The critical problem in pinning down the origin of life is, “When did the first structure that could both replicate itself and accumulate mutations evolve?” says molecular evolutionist Walter Gilbert of Harvard University. His 1986 article in Nature explored the idea of a world dominated by RNA and coined the term for it. “The RNA-world idea is an answer to the problem of when the first information began to copy itself and make more information,” he says.
There are other candidates for the first lifelike molecule, namely proteins and DNA. Suga contends, however, that RNA remains the most plausible candidate. “With the others you have the chicken-and-egg type of problem,” says Suga. DNA encodes instructions for making proteins but can’t build the protein molecules. Proteins can synthesize molecules—including proteins, DNA, and RNA—but only with instructions from other molecules.

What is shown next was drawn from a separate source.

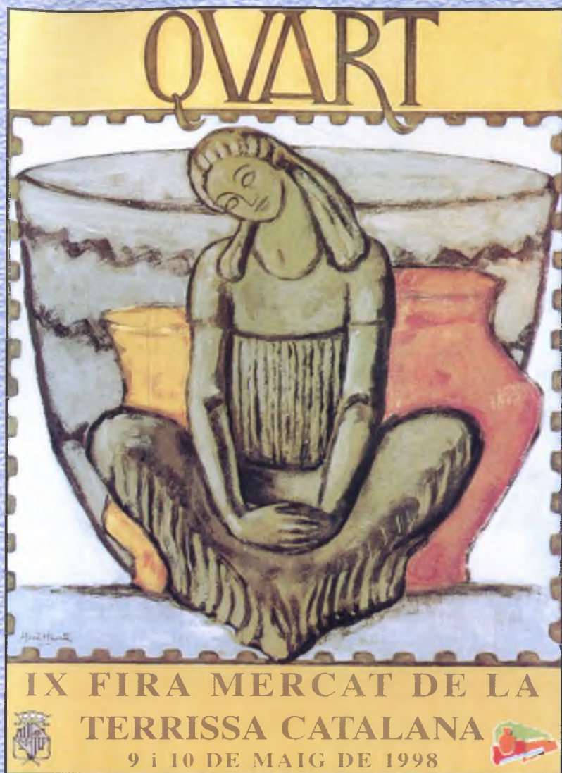
CARTELL 1998 "LA DAMA DE QUART"

Several types of RNA normally bridge these ability gaps by shuttling copies of DNA information to protein-making RNA molecules. One type of RNA molecule, called transfer RNA, binds to amino acids, the basic building blocks of proteins. Enzymes, which are a type of protein, catalyze this linkage. For years, researchers have known that some forms of RNA have enzymelike activity. Now, Suga and his colleagues have shown that RNA can even catalyze this linking of an amino acid to RNA.
“Showing that RNAs could accomplish this step, too, catalyzing the synthesis of proteins, is an important confirmation” of the RNA-world idea, says Michael J. Yarus, who studies RNA reactions at the University of Colorado in Boulder.
Suga and his coworkers applied a kind of test-tube evolution to unveil this new catalytic ability of RNA. First they selected from a pool of RNA molecules the very few that could bind to a modified version of phenylalanine, one of the 20 amino acids that make up proteins. Then they copied these RNA “winners” and repeated the process. After 14 such rounds, the researchers ended up with an RNA molecule tailor-made to bind to the amino acid.
In doing so, they isolated what Suga calls a biological fossil of the RNA world. These RNA molecules have an intriguing structural motif, absent in normal RNA, that recognizes an amino acid and chemically binds to it, forming a novel type of RNA enzyme, or ribozyme. The team has filed a patent on the ribozyme.
“People have conjectured that there would be a step in which RNA molecules played the role of proteins, attaching amino acids to the transfer RNA molecule. This paper shows that [RNA] could play that role,” says Gilbert.